# [HELP] iPod touch -> SummerBoard



## lov17 (5 Juillet 2008)

Bonjour à tous,

Voilà j'ai Jailbreaké mon iPod touch 16 Go 1.1.4
J'arrive un peu à me servir de "Installer"
Mais le problême est SummerBoard je l'ai installé
pour pouvoir modifier le fond d'écran derrière les icones
et modifier le Dock des icones du bas mais il ne veut rien savoir.

voici mes question : 

- Est ce que quelqu'un peut me dire comment je dois faire pour que Summerboard me change mon Dock et mon fond d'écran ?

- Quelqu'un sait-il ou je peux trouver le "Dock" qui reflette les 4 icones ( comme sur l'iPhone ) ?

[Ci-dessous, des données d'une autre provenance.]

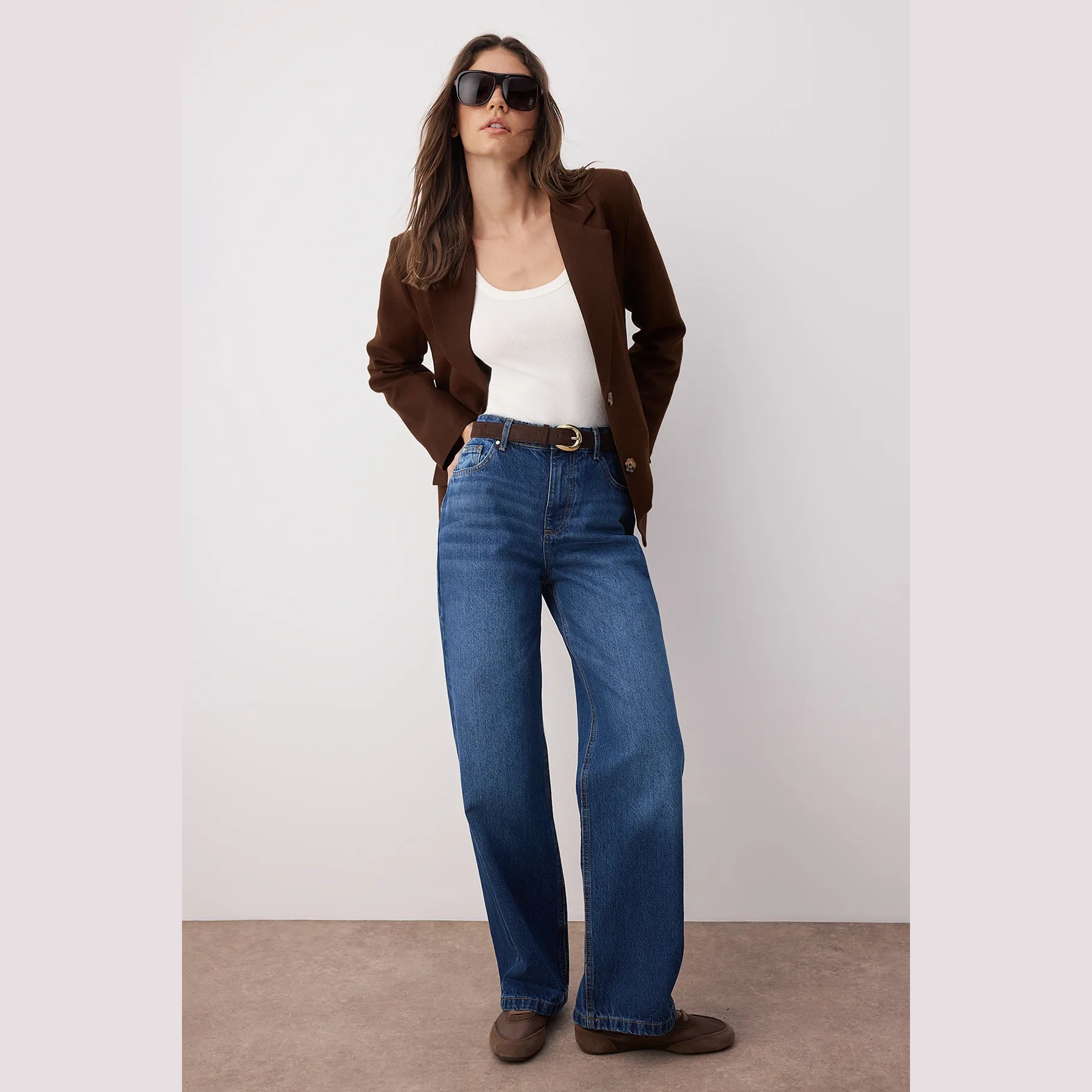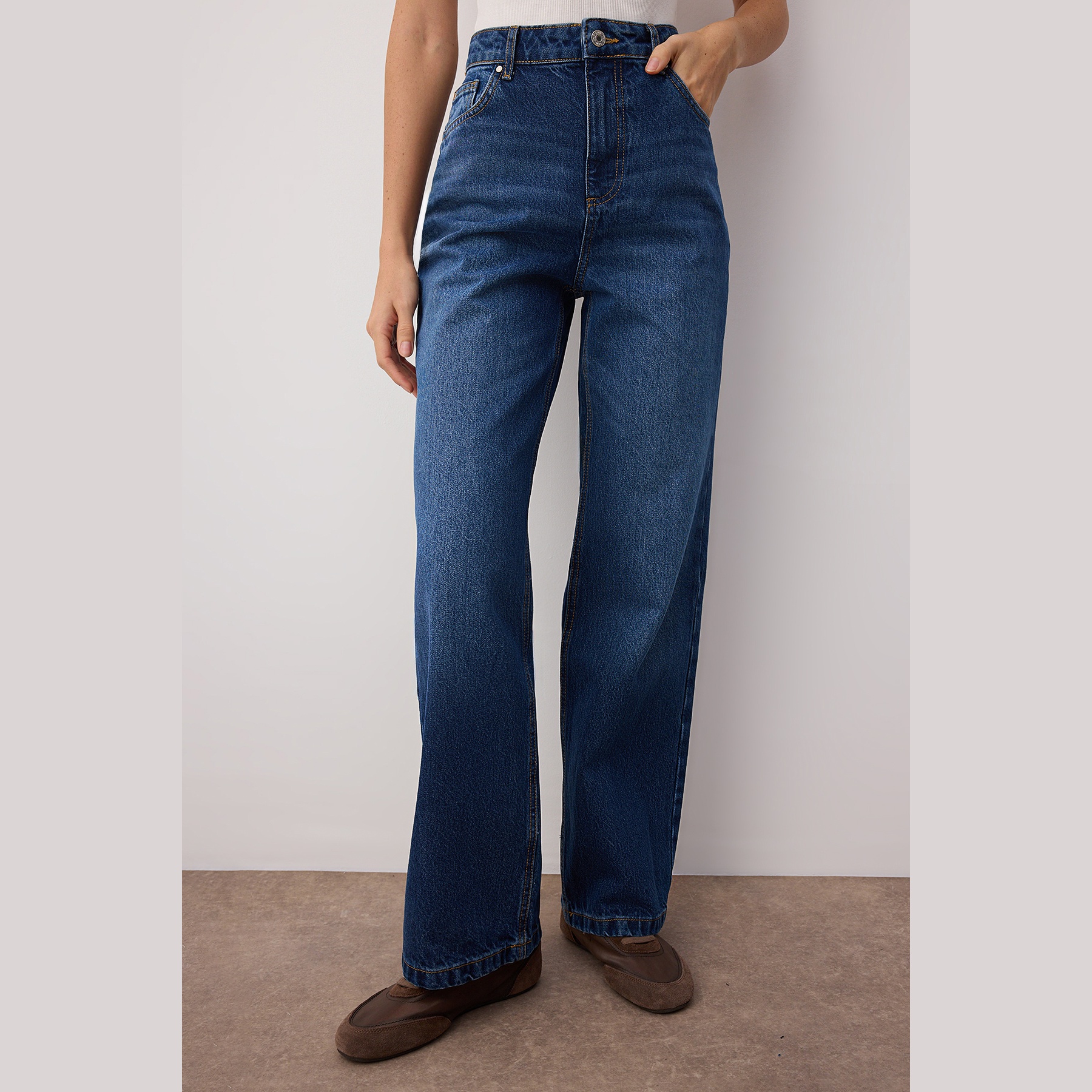 جينز نسائي – كُحلي داكن بخصر مرتفع وقصة واسعة (Wide Leg)

- ( Hors sujet ) Ou puis-je trouver un site ou quelque chose comme sa qui traduit toutes les applications de "Installer" ?


Merci


----------



## Macuserman (10 Juillet 2008)

Je me souviens bien de SummerBoard...

Pour cause; ça a jamais voulu savoir quoi que ce soit...
Pour la démarche pour le Dock, c'est dans le menu "Réglages".
Il faut fouiller...

Maintenant, tu as des applis bien plus sympa que SB pour ton Touch...desinstalle-là, en plus avec 2.0, je ne vois plus aucun intérêt de jailbreaker...

Penses-y.


----------